- Lattorff Lab (Bee Health @ Environmental Health), International Centre of Insect Physiology and Ecology (icipe), Nairobi, Kenya
- Adaptation, Behavior & Social Evolution, Evolutionary Applications, Evolutionary Ecology, Experimental Evolution, Genetic conflicts, Genome Evolution, Life History, Molecular Evolution, Phenotypic Plasticity, Population Genetics / Genomics, Quantitative Genetics, Reproduction and Sex
Relaxation of purifying selection suggests low effective population size in eusocial Hymenoptera and solitary pollinating bees
Multi-gene and lineage comparative assessment of the strength of selection in Hymenoptera
Genetic variation is the raw material for selection to act upon and the amount of genetic variation present within a population is a pivotal determinant of a population’s evolutionary potential. A large effective population size, i.e., the ideal number of individuals experiencing the same amount of genetic drift and inbreeding as an actual population, Ne (Wright 1931, Crow 1954), thus increases the probability of long-term survival of a population. However, natural populations, as opposed to theoretical ones, rarely adhere to the requirements of an ideal panmictic population (Sjödin et al. 2005). A range of circumstances can reduce Ne, including the structuring of populations (through space and time, as well as age and developmental stages) and inbreeding (Charlesworth 2009). In mammals, species with a larger body mass (as a proxy for lower Ne) were found to have a higher rate of nonsynonymous nucleotide substitutions (that alter the amino acid sequence of a protein), as well as radical amino acid substitutions (altering the physicochemical properties of a protein) (Popadin et al. 2007). In general, low effective population sizes increase the chance of mutation accumulation and drift, while reducing the strength of selection (Sjödin et al. 2005).

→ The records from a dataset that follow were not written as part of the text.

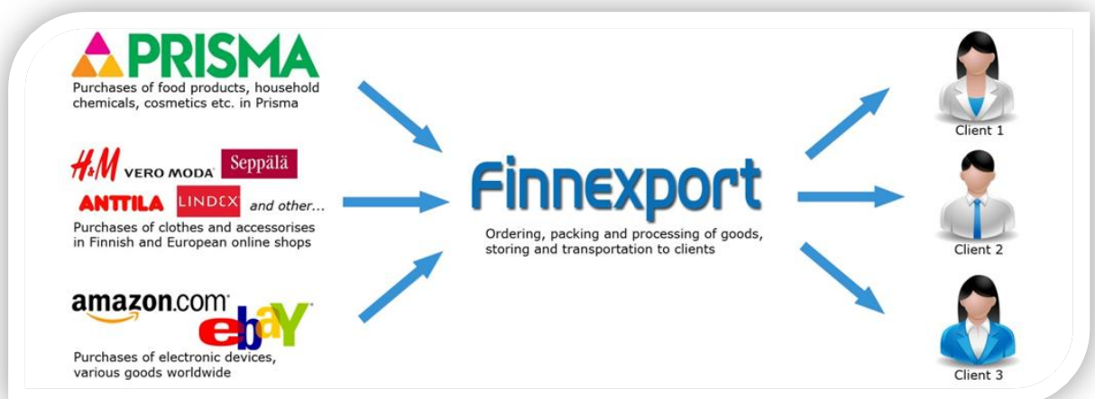
GRAPH 3. Supply chain of Finnexport company

Clients can also order via us goods from world-famous online auctions and online shops such as eBay and Amazon. It is well known that some goods on eBay cost less than same goods in ordinary shops. Delivery to Russia is not available on eBay though due to issues with Post of Russia. I believe they will start delivery some day, but at the moment many Russians have to look for mediators in other countries who can order product from eBay and send it to Russia. Of course mediator gains some interest from this, especially if he is able to purchase goods on auction with reasonable prices. Sometimes they use special software, which monitors bids and at the very end of an auction programme puts a little bit higher bid, and opponents have only 8 seconds to increase a bid, other way they lose. There is possibility to set bids limits in the programme, i.e. it won't increase bid higher than certain amount of money set by mediator.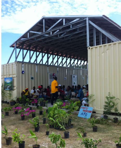
Classroom learning at the ATC.

Listed at right are several beneficial sustainability projects Love A Child has mapped out for the future. If you have a heart for sustainability, take your time to prayerfully consider how you want to help educate the Haitian people.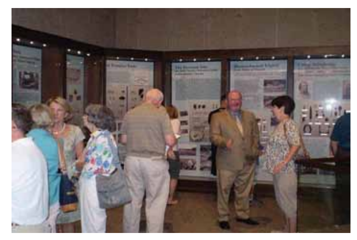
Above: The opening of the new exhibit area at Grave Creek Mound Archaeological Complex in Moundsville on July 21, 2016. Guest speaker Senator Shelley Moore Capito (left) talking with visitors.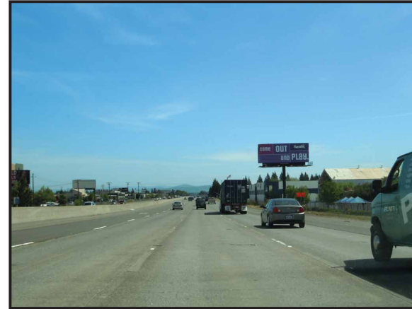
Before: 18' x 48' Traditional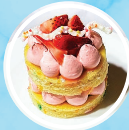
Strawberry Birthday Cheesecake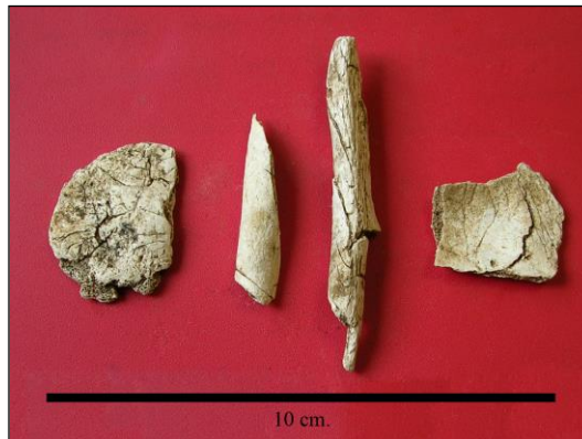
Figure 5 Colour Score 4: Cortical and trabecular bone are completely oxidized and white in colour, trabecular bone is often very fragile (British Bronze Age cremation burial, the dark hues are caused by soil staining)

The colour scores of the cremation burials can be seen in Table 7. The Manton scores ranged from 2 to 3.5 with an average of 3. These scores indicate that the assemblage was incompletely oxidized. Incomplete oxidization (which is typical of Romano-British cremation burials) is caused by the restriction of a cremation's burning time, oxygen supply or temperature (McKinley, 2004b).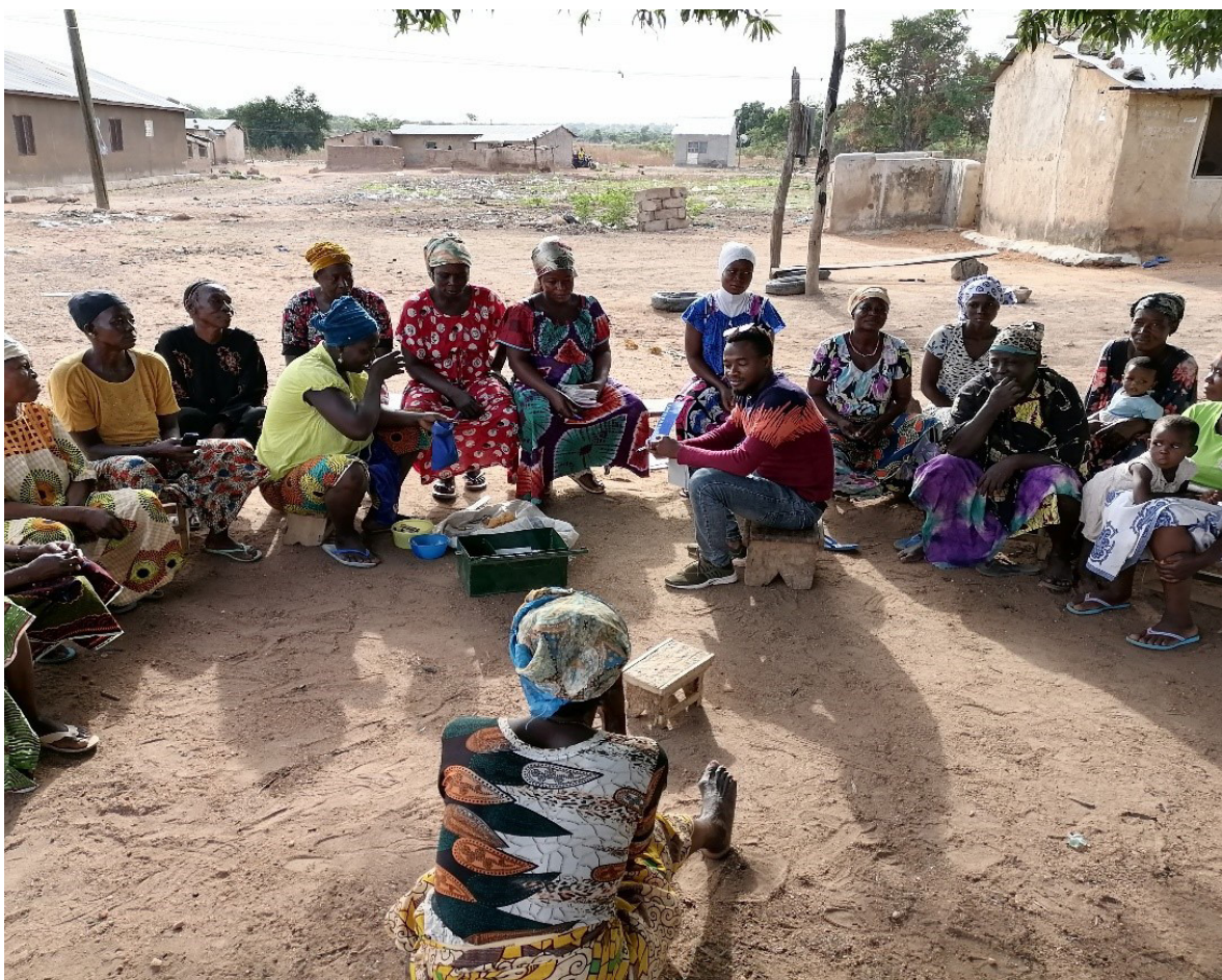
Community ownership & VSLA groups have enhanced cohesion rice and soybean farmers

In these clusters, 2SCALE supported the setup of 165 VSLAs benefiting more than 3,500 soybean and rice farmers. The VSLAs that were established in the Yedent partnership benefited from other services such as trainings in group dynamics and financial management, soya processing, as well as formal registration with regulatory bodies in Ghana as legal entities. For example, 15 VSLAs with 320 members (all women) received training not only on soybean processing but also in financial literacy in the Yedent partnership.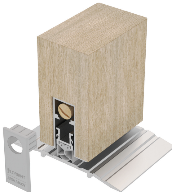
LAS8007 si (shown with LAS4011)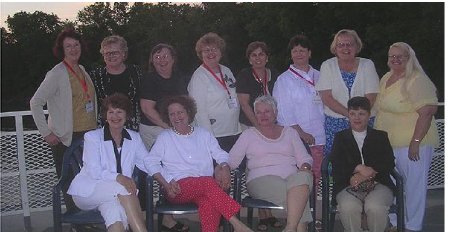
VA-12 Wives on-board the SOUTHERN BELLE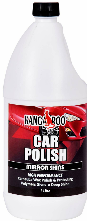
Figure 1: KANGAROO Car Wax Polish Mirror Shine 1 Litre bottle.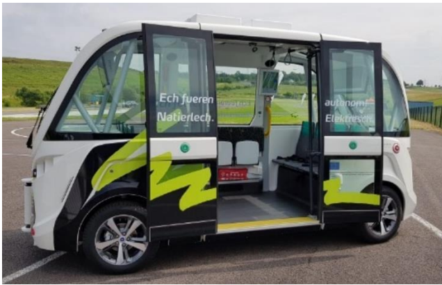
NAVYA shuttle trial in Luxembourg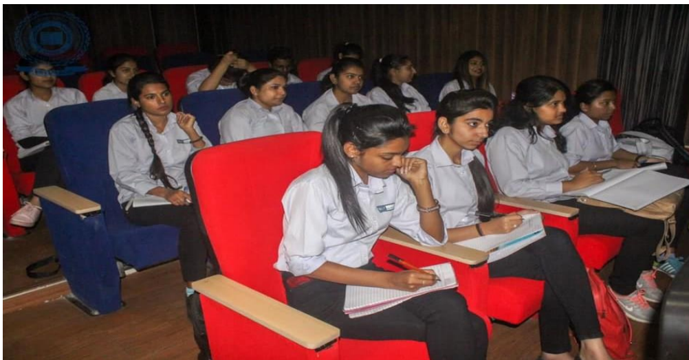
Students of Department of Clinical Psychology in the Workshop.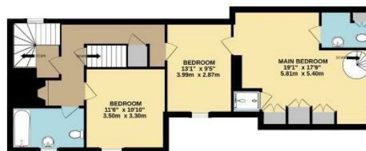
1ST FLOOR 624 sq.ft. (57.5 sq.m.) approx.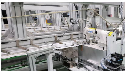
送布环带 Fabric Feeding Loop-belt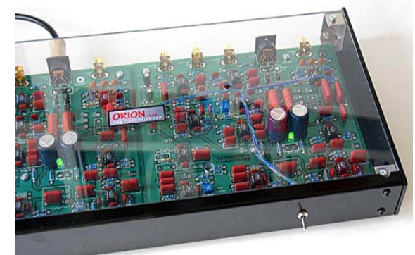
The ORION crossover / equalizer

The ORION employs two 24 dB/oct filters for highest accuracy of perceived sound.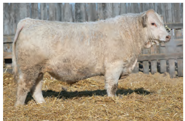
2020 HIGH SELLER TO PALMER CHAROLAIS, SK AND BOB CHAROLAIS, AB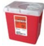
Medical Waste (needles, syringes, etc.)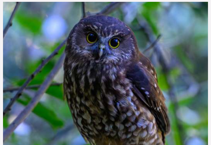
Ruru | Morepork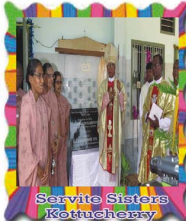
Servite Sisters Kottucherry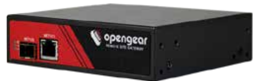
ACM7000 Remote Site Gateway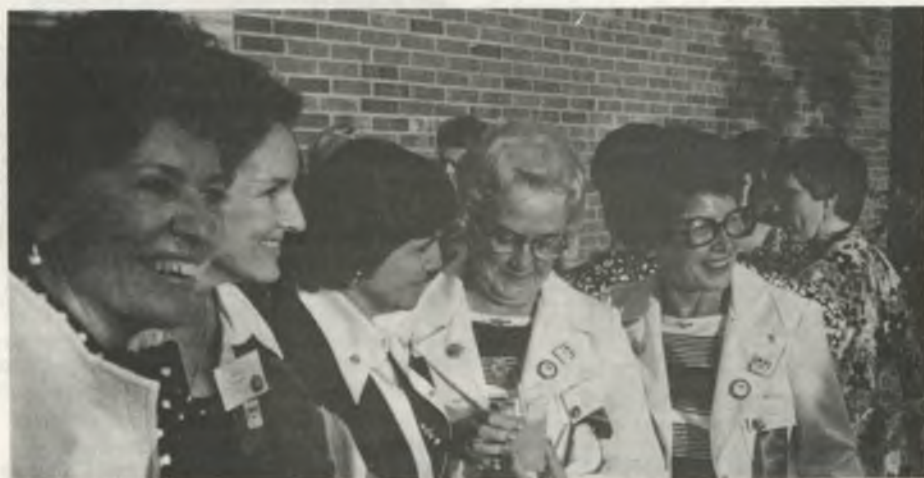
During a break in section meeting activities, 99s have a chance to visit (hangar-fly) with friends.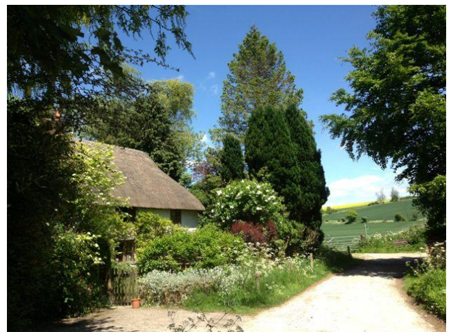
Dairy Cottage, Brixton Deverill

A Housing Needs Survey was conducted by Wiltshire Council Housing Strategy Team in April/May 2013. The response to this survey was smaller than that for the Parish Plan survey and although it addressed some different issues, there were some common themes related to housing development. The Parish Plan Working Group was consulted and commented on the draft report. Data and comments from the Parish Plan survey were provided so that, where appropriate, the Wiltshire Council Strategy Team could ensure consistency in reporting community views.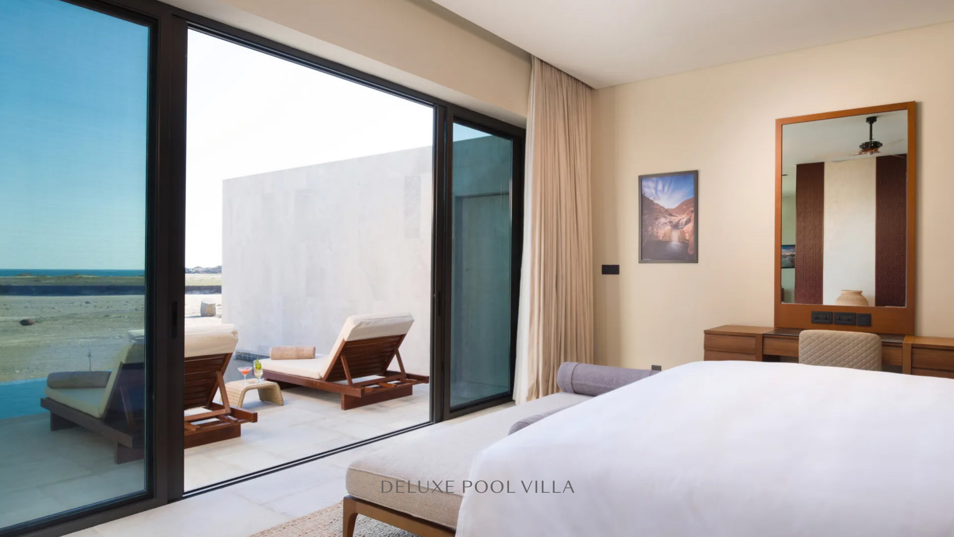
DELUXE POOL VILLA

In this paper, Weyna and Romiguier (2021) set out to test if parasitism, body size, geographic range, and/or eusociality affect the strength of selection in Hymenoptera. Hymenoptera include the bees, wasps and ants and is an extraordinarily diverse order within the insects. It was recently estimated that Hymenoptera is the most speciose order of the animal kingdom (Forbes et al. 2018). Hymenoptera are further characterized by an impressive radiation of parasitic species, mainly parasitoids, that feed in or on a single host individual to complete their own development (Godfray 1994). All hymenopterans share the same sex determination system: haplo-diploidy, where unfertilized eggs are haploid males and fertilized eggs are diploid females. Compared to other animals, Hymenoptera further contain an impressive number of clades that evolved eusociality (Rehan and Toth 2015), in which societies show a clear division of labor for reproduction (i.e., castes) and cooperative brood care. Hymenopterans thus represent a diverse and interesting group of insects to investigate potential factors affecting strength of selection and Ne.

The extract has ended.